I don't really count beats, poetry is not so much music where to be comprehensible the notes have to fill the bar or measure. But the work has an inner meter flow. In this poem it's like 3-5 beats, and if we read the poem using the lines as pauses to create the tempo (which is what we do with blank or free verse) these lines stick out and do not fit:
Blooming beneath the rice paper membrane of your skin
So the walls match your carcinogenic skin.

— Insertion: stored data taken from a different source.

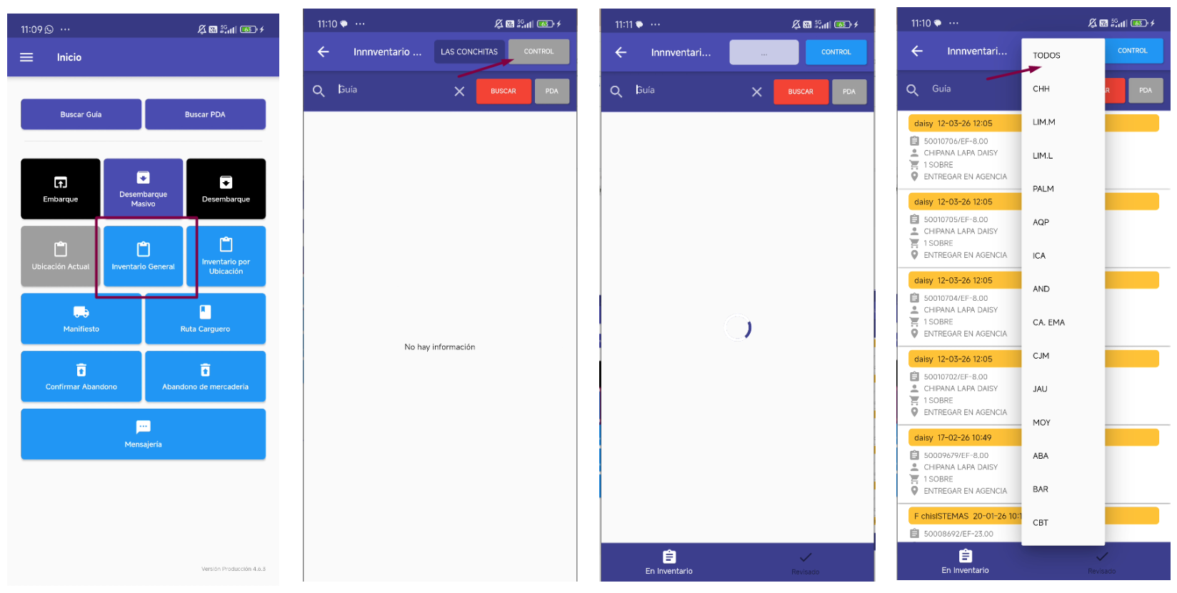 - Módulo Inventario Ubicación → Vista Inventario Ubicación
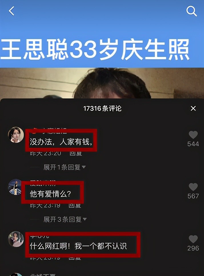 不过也有网友对王思聪此举不看好。虽然王思聪有钱,但是在大家看来王思聪没有爱情。或许,爱情对于富人来说就是奢侈品吧。除了爱情以外,也有人吐槽王思聪合影的网红美女。有网友表示:“什么网红啊,我一个都不认识”。事实上,合影的网红美女的确有点面生。公开参加王思聪生日宴合影,估计也是想要借助王思聪的热度。站在爱情的角度,无疑是王思聪的悲哀。
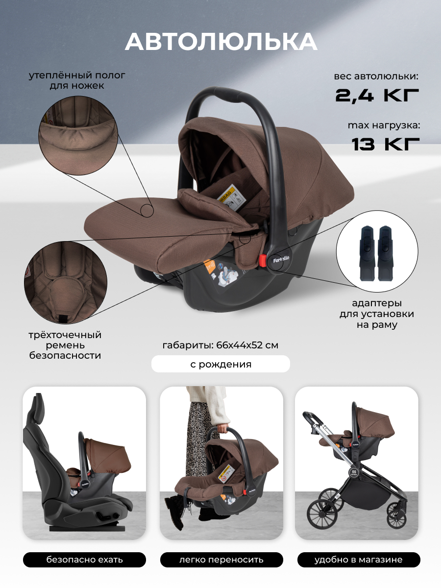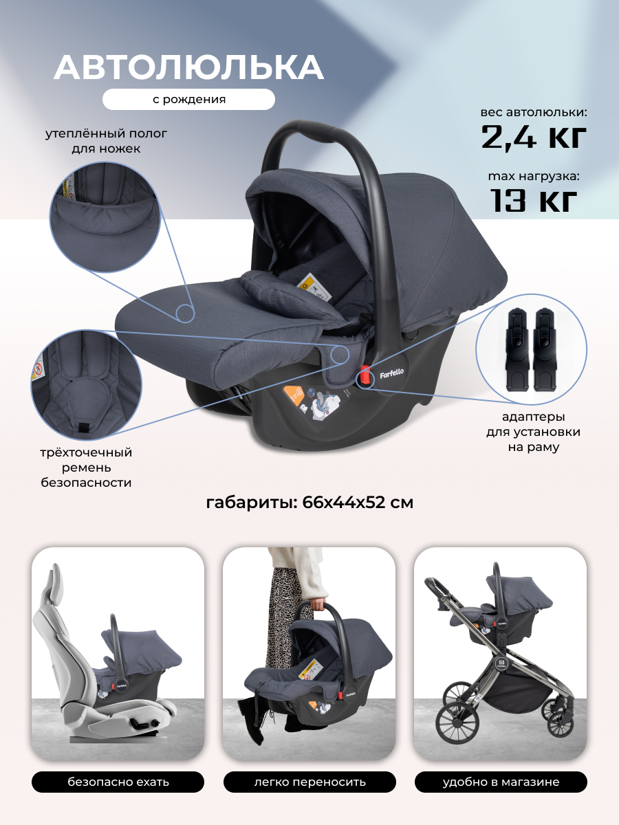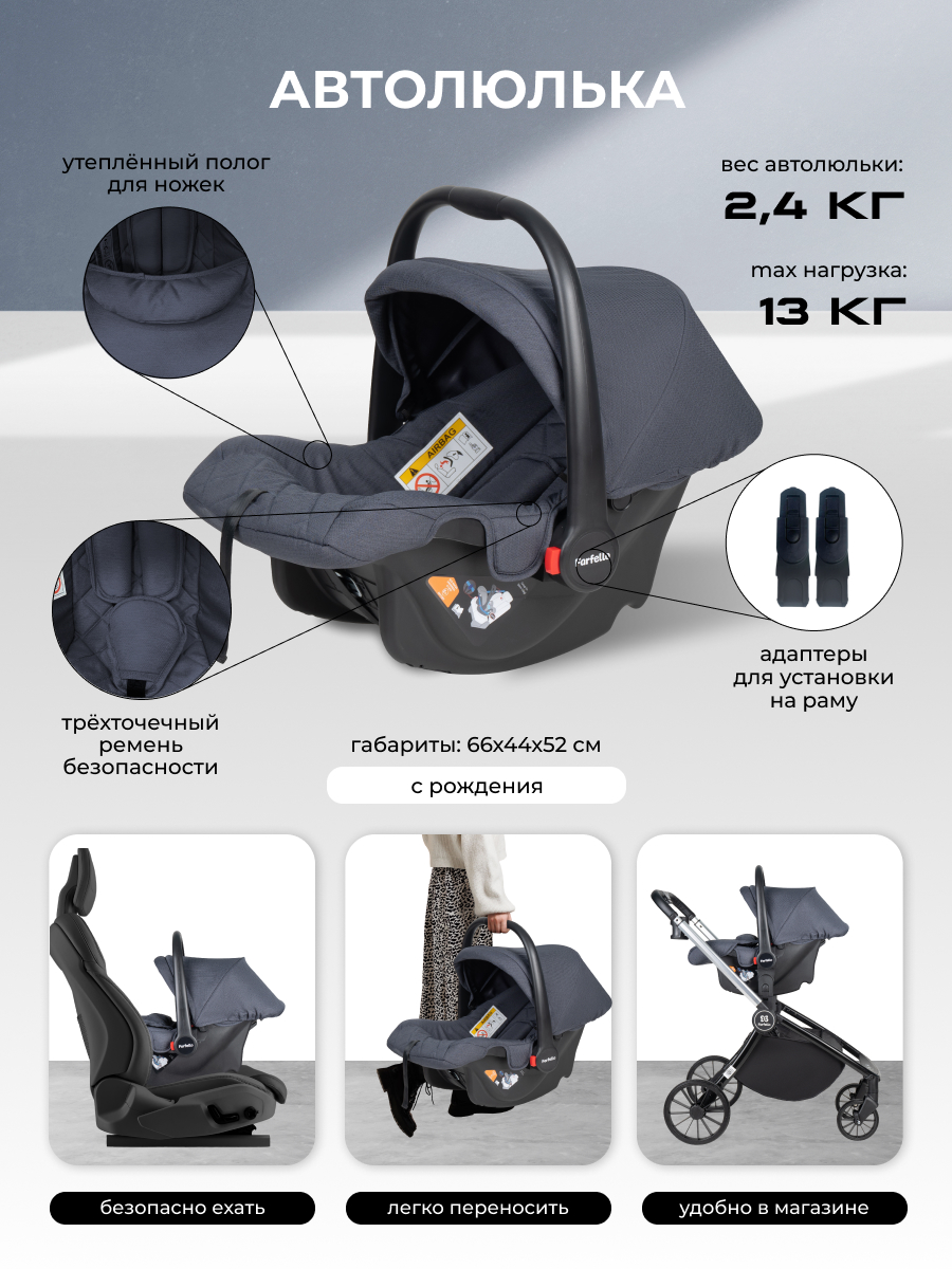 Автолюлька (0-13 кг) имеет трехточечные ремни безопасности с мягкими накладками. Имеет собственный полог для ног. Устанавливается на раму коляски. В машине крепится штатными ремнями против хода движения.

Your grave adorned by the singed jewels of spent cigarettes
My take is these lines should be broken into two or reduced: examples only:
Beneath the rice paper of your skin
or
So that walls match the hues
Of your carcinogenic skin.
or
Your grave adorned by singed jewels
Of spent cigarettes
Just seems to me to fit the cadence of the words. But these are subtle issues, like commenting on the perspective of a drawing or the use of light...the painting has not lost its desired response.
Eumolpus
I'd rather learn from one bird how to sing
than teach ten thousand stars how not to dance
ee cummings
Rhiannon1010
Thu, 2017-10-26 03:57
Thank you
Thank you for pointing those issues out! I'll rework them and see how it turns out.
Geezer
Thu, 2017-10-26 20:28
There is nothing...
that I would add to the critique, but I want to say, that I enjoyed the poem as a whole and it did bring back memories of my grandmother and great-aunt; both smokers, and the walls of the huge apartment that they lived in being stained that nicotine-yellow from the many thousands of cigarettes smoked there by them and the other people that passed through those doors, aunts, uncles, father and so on... Nice work! ~ Gee.